The liver is the largest digestive gland and plays a pivotal role in detoxification and metabolism in animals. Its normal morphology and physiological function are essential for maintaining systemic homeostasis. Acute hepatitis is characterized by acute onset and rapid progression and is typically attributed to infections or toxic factors, which may confer a high risk of disseminated intravascular coagulation in animals.¹ Additionally, acute hepatitis can induce severe and potentially fatal liver injury and may further deteriorate into cirrhosis, liver failure, and even liver cancer if not effectively treated.² At present, the prognosis of severe acute hepatitis remains poor, as the disease lacks specific therapeutic drugs and is primarily managed by supportive therapy to allow sufficient time for hepatic recovery.¹ Therefore, the development of effective pharmacological interventions for acute hepatitis is urgently needed.

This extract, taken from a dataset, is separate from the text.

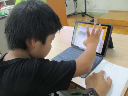 2年生児童は50音表を使って、たくさん文字が打てるようになってきました。

Morchella esculenta polysaccharide (MEP), commonly present in the form of glycoprotein complexes or dextran-like macromolecules,³ exhibits a wide range of pharmacological activities, including anti-oxidative, anti-aging, anti-tumor, anti-fatigue, immunomodulatory, hepatoprotective, and hypolipidemic effects.^4,5 In recent years, MEP has attracted increasing research attention. Pigment epithelium-derived factor (PEDF), a multifunctional soluble glycoprotein, belongs to the serine protease inhibitor superfamily and was originally isolated from the culture medium of fetal retinal pigment epithelial cells. PEDF exerts anti-inflammatory, anti-oxidative stress, anti-apoptotic, anti-angiogenic, anti-tumor, and neurotrophic effects by interacting with specific receptors on the cell membrane.⁶ Patatin-like phospholipase domain containing 2 (PNPLA2) is a rate-limiting lipolytic enzyme encoded by the ATGL/PNPLA2 gene that catalyzes the initial step of triglyceride hydrolysis. PNPLA2 is implicated in multiple physiological and pathological processes, including chronic inflammation, lipid mobilization, and obesity. A prior study revealed that ATGL knockout led to excessive lipid accumulation in mouse liver tissue.⁷ Accordingly, this study analyzed the effects and potential mechanisms of MEP on acute hepatitis using a lipopolysaccharide (LPS)-induced experimental hepatitis model in mice, with the aims of providing experimental evidence for the development of MEP-related health products and therapeutic strategies for hepatitis.

Materials and Methods

Ethical Approval and Statement of Human and Animal Rights

All animal procedures in this study were reviewed and approved by the Experimental Animal Ethics Committee of Longnan Normal University (Approval No. 2024-0010) and the Institutional Animal Care and Use Committee of the School of Agriculture and Forestry Technology (Approval No. 2024-0011). All experiments were conducted in strict accordance with the approved protocols and relevant institutional guidelines for the care and use of laboratory animals.

Animals and Main Reagents

Specific pathogen-free Kunming mice (8 weeks old, body weight 22−28 g, equal numbers of males and females) were purchased from the Lanzhou Veterinary Research Institute, Chinese Academy of Agricultural Sciences [SCXK (Gan) 2020-0002]. MEP (DG3156; purity ≥ 98%) was purchased from Huilin Biotechnology Co., Ltd (Xi'an, China). Enzyme-linked immunosorbent assay (ELISA) kits for tumor necrosis factor (TNF)-α and interleukin (IL)-1β, endogenous biotin-blocking kits, and SP hypersensitivity immunohistochemical kits were obtained from Solarbio (Beijing, China). Primary rabbit polyclonal antibodies against PEDF and PNPLA2 were provided by Asiapeptide Biotechnology Center (Nanjing, China). 3,3’-Diaminobenzidine tetrahydrochloride (DAB) was acquired from Saipei Biotechnology Co., Ltd (Wuhan, China). Isoflurane was obtained from RWD Life Science (Shenzhen, China), and 24-parameter biochemical reagent strips were provided by MNCHIP (Tianjin, China).

Main Instruments

The main instruments used in this study included a microtome (RM2125 RTS; Leica, Wetzlar, Germany), a DM500 microscopic imaging system (Leica), a Celercare V5 automatic biochemical analyzer for animals (MNCHIP), an ELISA microplate reader (Multiskan FC; Thermo Fisher Scientific (China) Co., Ltd, Shanghai, China), and an FA1204 electronic analytical balance (Lichen Instrument Technology Co., Ltd, Shanghai, China).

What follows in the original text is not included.